Perhaps another one would be triglycerides, whether it is a type of fat which seems to be good to have very little of in your blood stream and again, I am pleased to say that I do.

[Damien Blenkinsopp]: Thank you very much because those are basically the biggest diseases that we have today, like metabolic syndrome, so those are good markers for that. I guess one of the confusions with biomarkers we are always facing is that we are not sure if it is the end point. So one last question I did have for you was on a Palo Alto longevity prize. I am not sure if you know about that?

[Aubrey de Grey]: I certainly do and I am invited to it.

[Damien Blenkinsopp]: Oh, great. Because I understand they are running a competition or they have been running a competition for heart rate variability in connection with longevity.

[Aubrey de Grey]: That’s right, yes. So, businessman in the Bay Area in Joon Yun has put up a million dollars as a prize fund for progress against aging. It is divided, actually, into two separate prizes. One of them is looking specifically at heart rate variability, as you say, but the other one is a bit more general. It is looking at what they call homeostatic control or something like that. I forget the exact terminology. But the point here is that the competition is for the attempt to actually extend longevity [inaudible 00:54:06] in this manner. And I think this is great. I mean, the heart rate variability aspect is a bit unusual for people who have not really bought into the idea that this could be a real fulcrum of aging but it might be. And we think it is great to encourage research in any area that hasn’t been terribly well looked at. The main thing is simply putting a million dollars on the table as a great way to get people pretty excited, and a lot of people are paying attention now, especially since in the Bay Area there is a lot of identity of people interested in longevity in general. It’s a great way for a research foundation to be located. So yes, I absolutely applaud them for doing this.

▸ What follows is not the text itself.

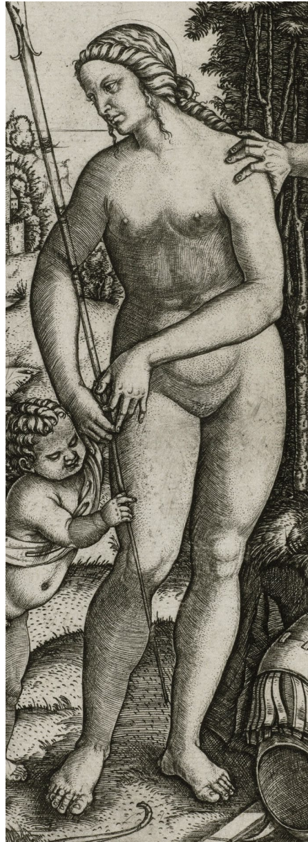
Abb. 11 | Marcantonio Raimondi, Venus, Mars und Cupido, 1508, Kupferstich, Kupferstich-Kabinett, Staatliche Kunstsammlungen Dresden (Detail; © Kupferstich-Kabinett, Staatliche Kunstsammlungen Dresden, Foto: Herbert Boswank).

[Damien Blenkinsopp]: Great to hear you are part of that also because we had heard of that from one of our previous guests. Aubrey, thank you so much for your time today. I love to hear all your different ideas of course because you are working at a very high level compared to most people, so you have this perspective that stands back a bit, which can be very helpful to people. Thank you so much for your time and have a great day.

[Aubrey de Grey]: Thank you, and to you. Bye.